▶ Instructions for the task
Your answer must be an exact copy of the listing that follows, with all pictures omitted.

++++ Data section

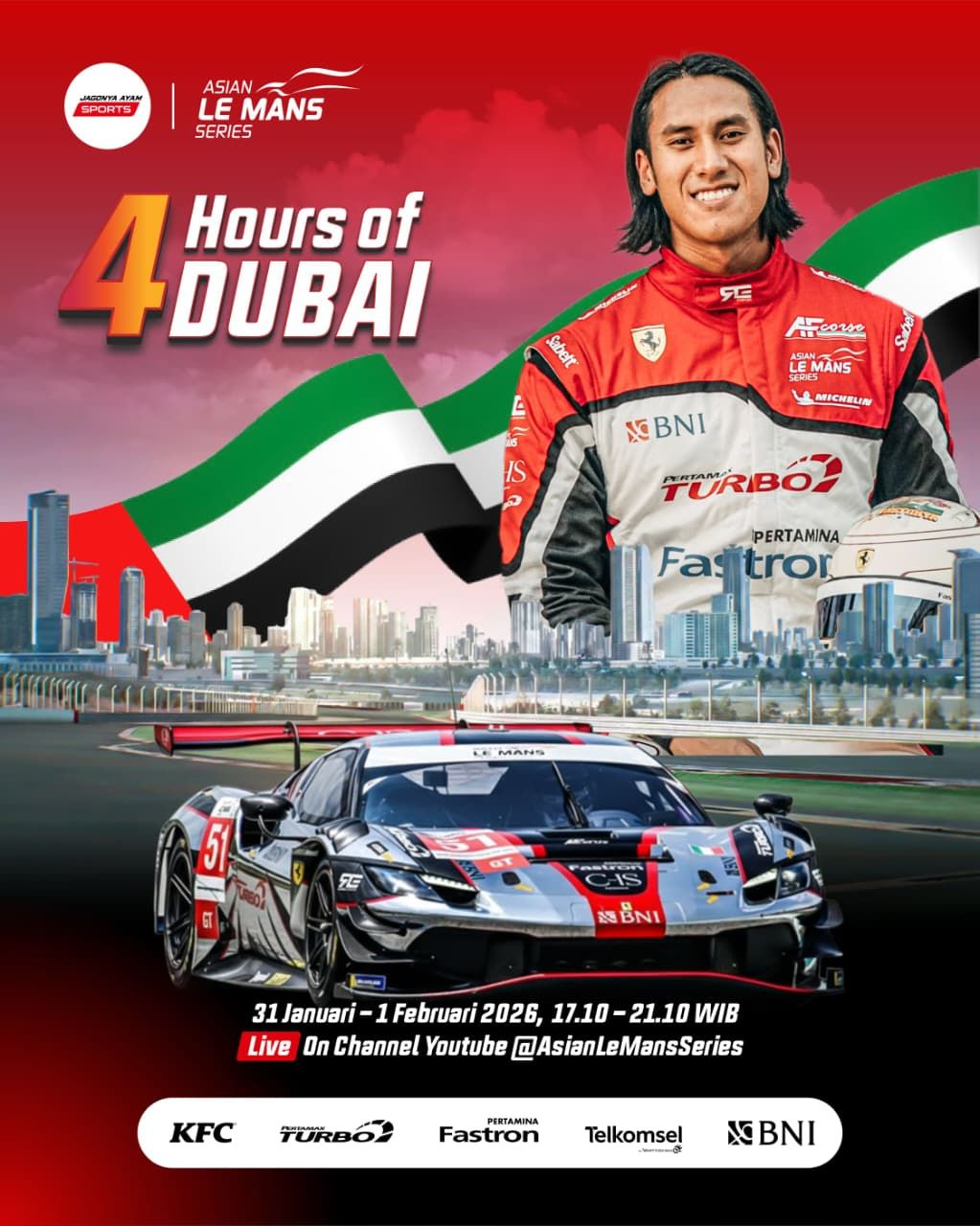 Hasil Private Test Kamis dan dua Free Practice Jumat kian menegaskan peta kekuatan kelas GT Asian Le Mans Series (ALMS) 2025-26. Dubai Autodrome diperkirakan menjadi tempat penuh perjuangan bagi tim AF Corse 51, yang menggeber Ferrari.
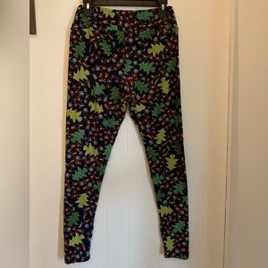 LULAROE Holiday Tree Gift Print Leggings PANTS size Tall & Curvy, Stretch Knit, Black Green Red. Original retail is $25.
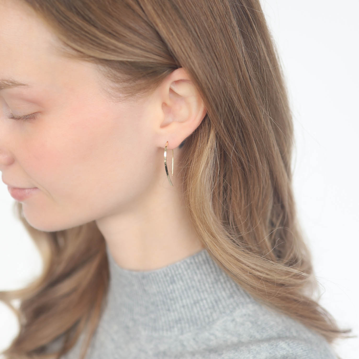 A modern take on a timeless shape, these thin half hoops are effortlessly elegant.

++++++++

▶ Finished exercise
 Hasil Private Test Kamis dan dua Free Practice Jumat kian menegaskan peta kekuatan kelas GT Asian Le Mans Series (ALMS) 2025-26. Dubai Autodrome diperkirakan menjadi tempat penuh perjuangan bagi tim AF Corse 51, yang menggeber Ferrari.
 LULAROE Holiday Tree Gift Print Leggings PANTS size Tall & Curvy, Stretch Knit, Black Green Red. Original retail is $25.
 A modern take on a timeless shape, these thin half hoops are effortlessly elegant.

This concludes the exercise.